● THE TASK
From the line with "1990 San Diego" to the line with "月と地球 月と地球の位置をシミュレーションしよう。 |", retype each line exactly as it stands in the records below, but skip the pictures.
[EXTRACTED INFORMATION Boundary: Start]
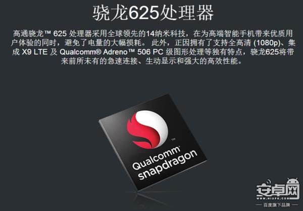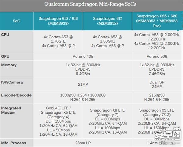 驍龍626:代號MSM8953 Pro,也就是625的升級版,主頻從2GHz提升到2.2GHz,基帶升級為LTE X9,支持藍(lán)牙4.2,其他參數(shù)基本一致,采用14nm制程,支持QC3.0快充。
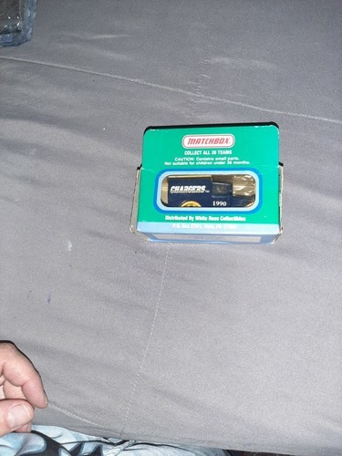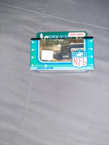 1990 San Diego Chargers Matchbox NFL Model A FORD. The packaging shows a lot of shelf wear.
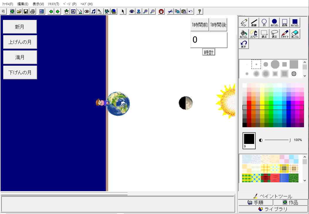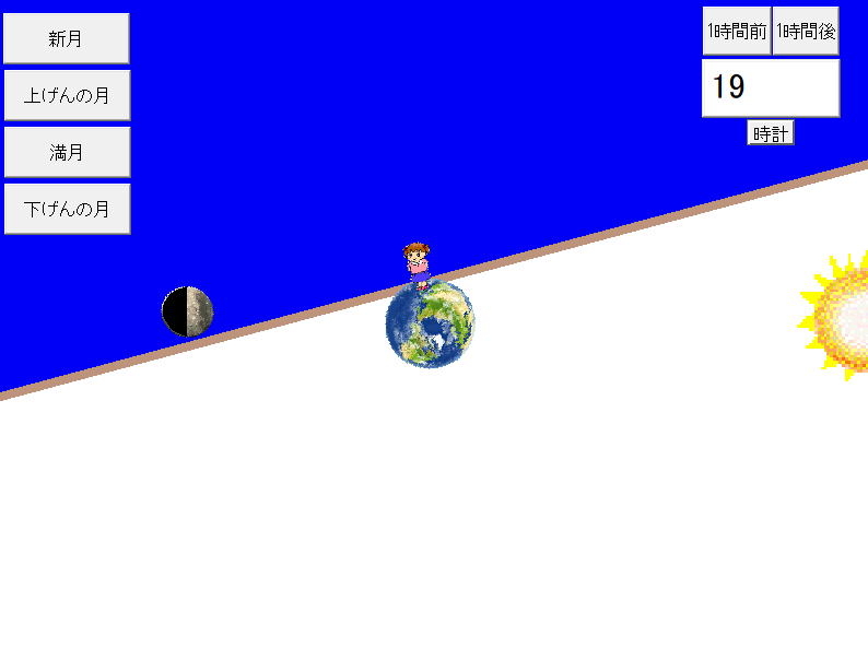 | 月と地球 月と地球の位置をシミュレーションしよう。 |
[EXTRACTED INFORMATION Boundary: End]
[EXTRACTED INFORMATION Boundary: Start]
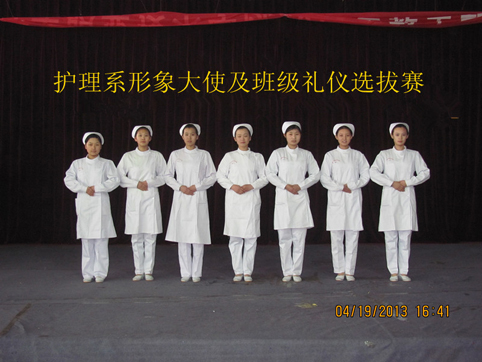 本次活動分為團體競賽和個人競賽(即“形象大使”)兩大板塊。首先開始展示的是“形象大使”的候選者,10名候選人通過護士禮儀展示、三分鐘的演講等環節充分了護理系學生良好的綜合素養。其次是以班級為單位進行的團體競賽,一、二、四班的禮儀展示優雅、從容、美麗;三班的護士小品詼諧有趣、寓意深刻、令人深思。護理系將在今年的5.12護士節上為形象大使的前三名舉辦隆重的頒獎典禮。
[EXTRACTED INFORMATION Boundary: End]
● RESULT
 1990 San Diego Chargers Matchbox NFL Model A FORD. The packaging shows a lot of shelf wear.
 | 月と地球 月と地球の位置をシミュレーションしよう。 |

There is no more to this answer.